A su entender, la gran diferencia con los primeros meses del gobierno de Javier Milei es que entonces existía expectativa. «En 2024 la gente estaba mal, pero tenía esperanza. Hoy muchos sienten que siguen mal y, además, ya no creen que la situación vaya a mejorar», afirmó.
Ese desgaste también impactó sobre la imagen presidencial. González señaló que el Presidente perdió parte importante del respaldo que había obtenido en el balotaje, aunque aclaró que continúa siendo la primera minoría electoral. «Su aprobación cayó a mínimos históricos, pero sigue encabezando las preferencias porque la oposición todavía no logra ofrecer una alternativa competitiva», analizó.
Más allá del diagnóstico económico, el consultor dejó una advertencia para quienes aspiran a competir en las próximas elecciones, especialmente en provincias y municipios.
Según explicó, el modelo de construir liderazgo únicamente a través de las redes sociales comenzó a agotarse. «Las redes ya no sirven como mecanismo exclusivo para conocer a un candidato. Si no te dieron la mano, o no le dieron la mano a alguien que vos conocés, no te van a votar», resumió.
Para González, la irrupción de la inteligencia artificial, la sobreabundancia de contenido digital y la dificultad para distinguir qué es verdadero y qué no hicieron que la ciudadanía vuelva a valorar el contacto personal.
«La gente necesita validar a los dirigentes cara a cara. Ya no alcanza con ser viral ni con hacer campañas digitales; hoy se busca conocer a la persona o confiar en alguien que pueda dar referencias sobre ella», explicó.

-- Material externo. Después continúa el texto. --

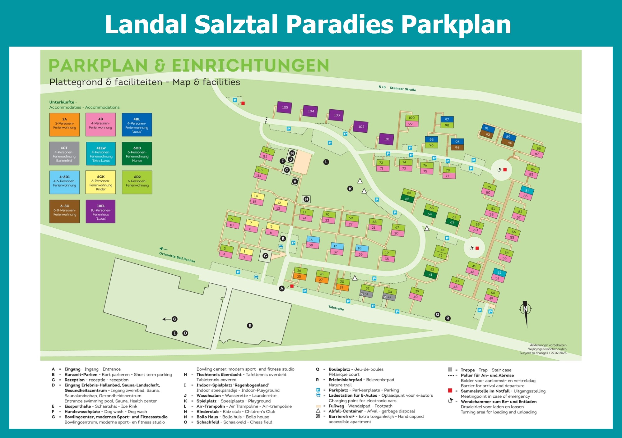 Aktueller und übersichtlicher Parkplan von Landal Salztal Paradies mit alle Unterkünfte und Einrichtungen, auch als PDF herunterladbar.
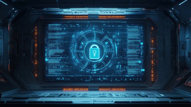 The screen shows a prominent lock icon surrounded by a digital interface, highlighting security in a high-tech setting. Generative AI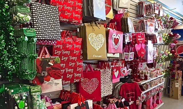 We stopped at a Dollar Store Friday. Okay I get the Valentines Day stuff, but St. Patricks Day! To the extreme right between the pink/red Valentine merchandise  and the Pepsi sign are Easter egg flowers. I guess business is slow but this it too much.  Actually I am never here at this time of year so perhaps this is normal??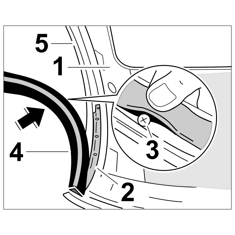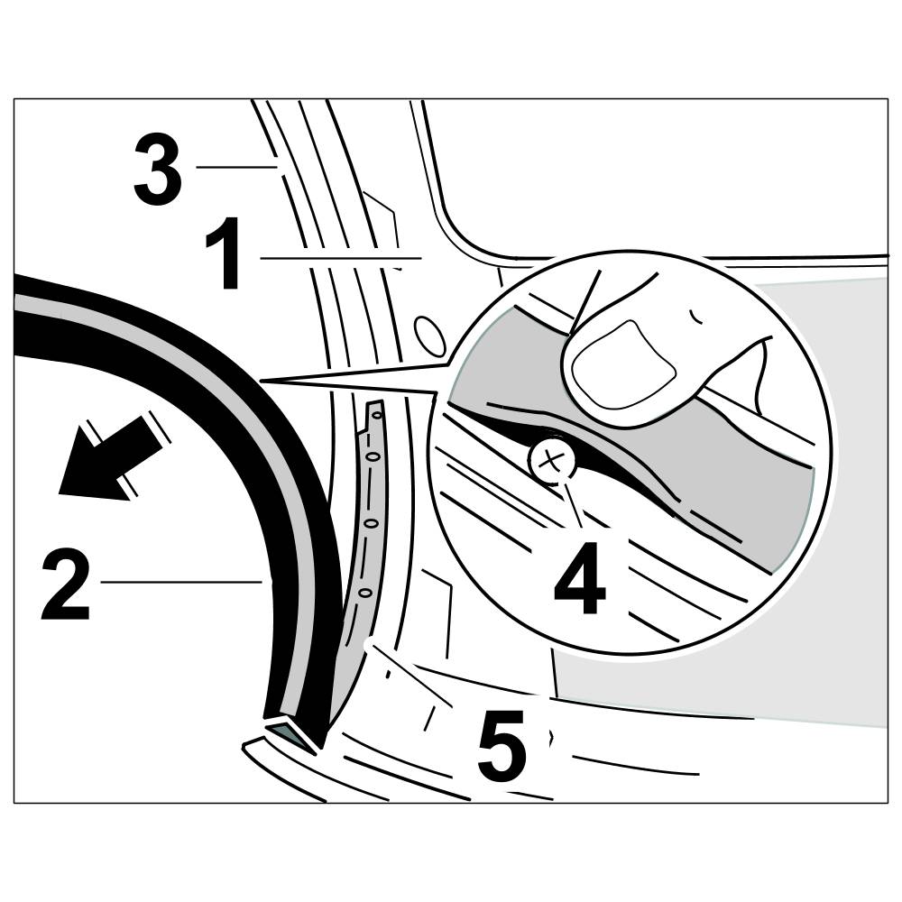 12.2. Press upper seal -4- into the profile of the retaining strip -5-.
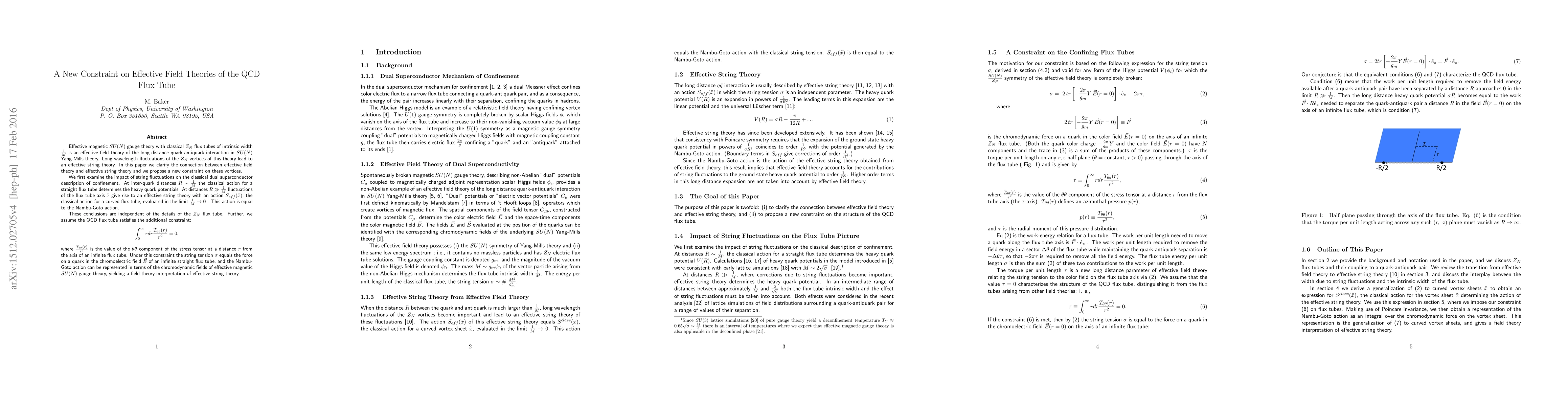 This paper establishes a new constraint on the effective field theory of QCD flux tubes, showing that the string tension equals the chromoelectric force on a quark. It connects effective field theory with effective string theory, proposing a constraint on $Z_N$ vortices that links the Nambu-Goto action to chromodynamic fields.

En ese escenario, sostuvo que los candidatos deberán volver a caminar los barrios, reconstruir vínculos y apostar por la presencialidad si quieren conectar con un electorado cada vez más desconfiado.
El consultor sintetizó el cambio con una frase que, según dijo, debería funcionar como un verdadero llamado de atención para la política argentina: «La era del candidato que solo existía en las redes sociales se terminó».